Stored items
◆ ◆ ◆

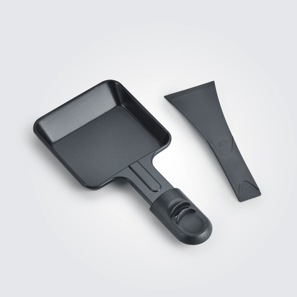 - sisältää 8 raclettepannua ja 8 muovilastaa, jotka ovat ihanteellisia yksittäisten annosten valmistukseen pöydässä
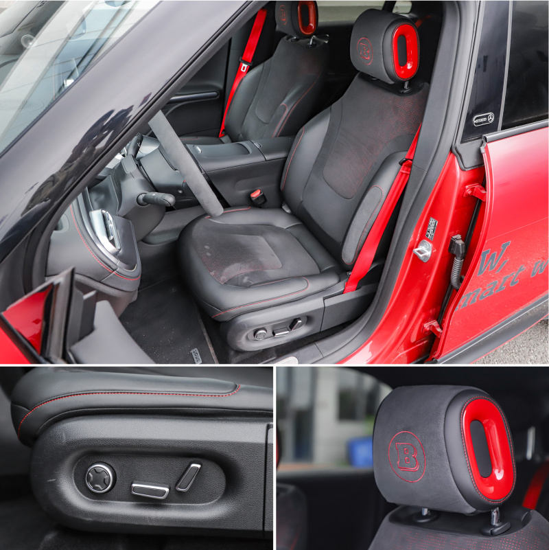 座椅方面,BRABUS性能版采用了Microfiber超纤绒材质的运动型座椅,配色依旧为黑红配色以及红色缝线做点缀,头枕上也刺绣了专属的BRABUS徽标,同时安全带也换成了醒目的红色。座椅功能方面,前排座椅均配备电动调节以及座椅加热功能。
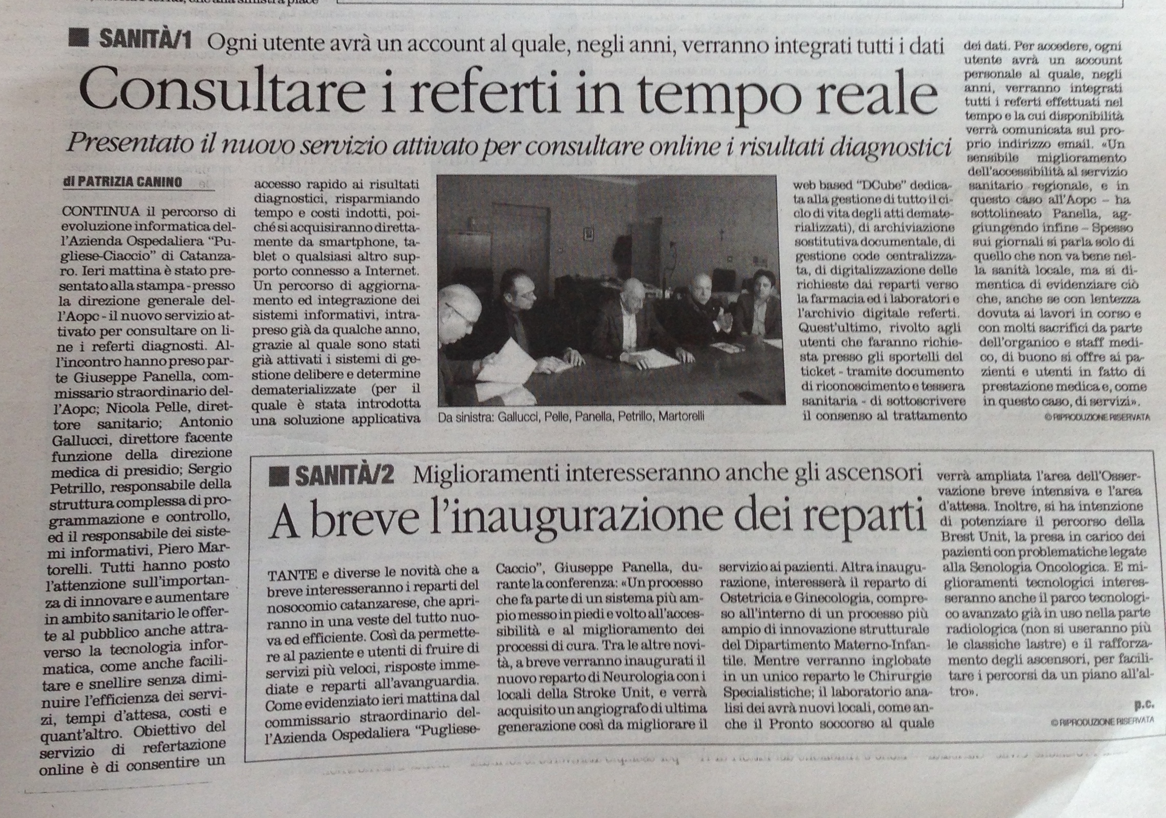 24 marzo 2017 - Il Quotidiano della Calabria - Consultare i referti in tempo reale
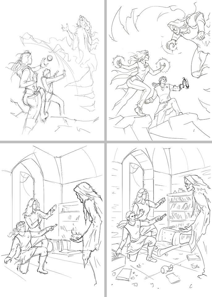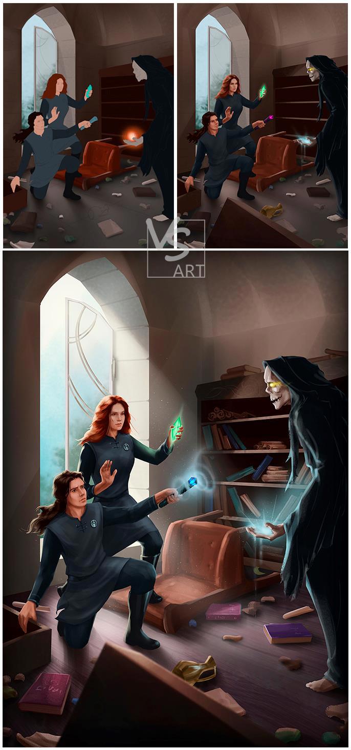 Автор: Салихов ВасильПолучив задание от Александры на создание новой обложки для романа "Адепты смерти", я сразу же представил себе описанный момент. Однако, как оказалось, не так-то просто найти правильный ракурс для композиции. В итоге последовательно появились несколько эскизов:
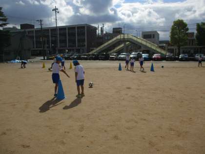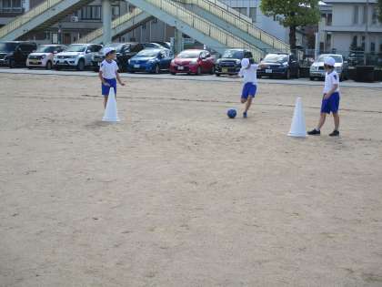 体育ではキックベースボールに取り組んでいます。狙ったところへ蹴る練習をしています。何度も蹴ってこつをつかもうとがんばっていました。
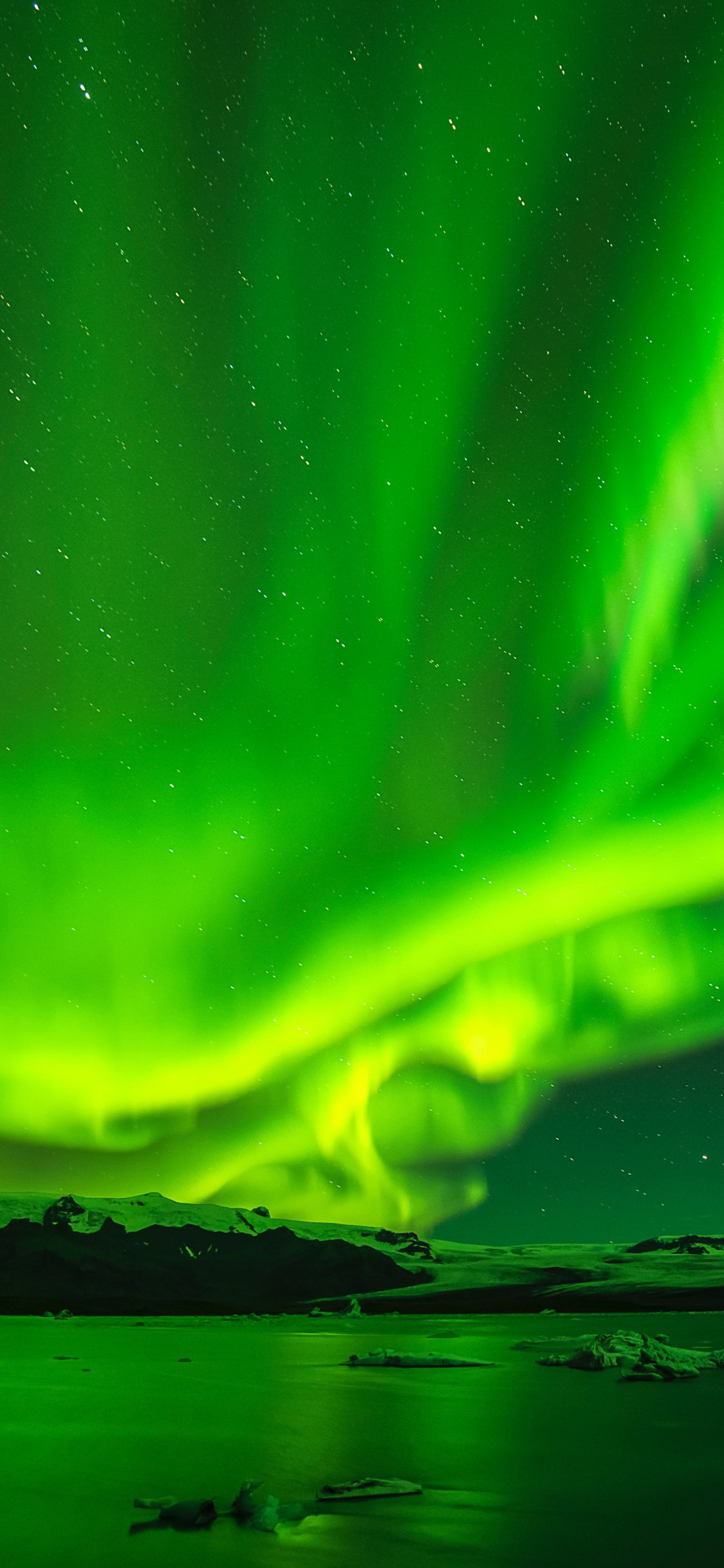 Обои: северное сияние, зеленый, пейзаж - 1125x2436

◆ ◆ ◆

▶ ABOUT THIS TASK
Repeat exactly the lines from the one containing "座椅方面,BRABUS性能版" to the last line of the data above, both included, and write no pictures into the copy.

▶ SOLUTION TO THE EXERCISE
 座椅方面,BRABUS性能版采用了Microfiber超纤绒材质的运动型座椅,配色依旧为黑红配色以及红色缝线做点缀,头枕上也刺绣了专属的BRABUS徽标,同时安全带也换成了醒目的红色。座椅功能方面,前排座椅均配备电动调节以及座椅加热功能。
 24 marzo 2017 - Il Quotidiano della Calabria - Consultare i referti in tempo reale
 Автор: Салихов ВасильПолучив задание от Александры на создание новой обложки для романа "Адепты смерти", я сразу же представил себе описанный момент. Однако, как оказалось, не так-то просто найти правильный ракурс для композиции. В итоге последовательно появились несколько эскизов:
 体育ではキックベースボールに取り組んでいます。狙ったところへ蹴る練習をしています。何度も蹴ってこつをつかもうとがんばっていました。
 Обои: северное сияние, зеленый, пейзаж - 1125x2436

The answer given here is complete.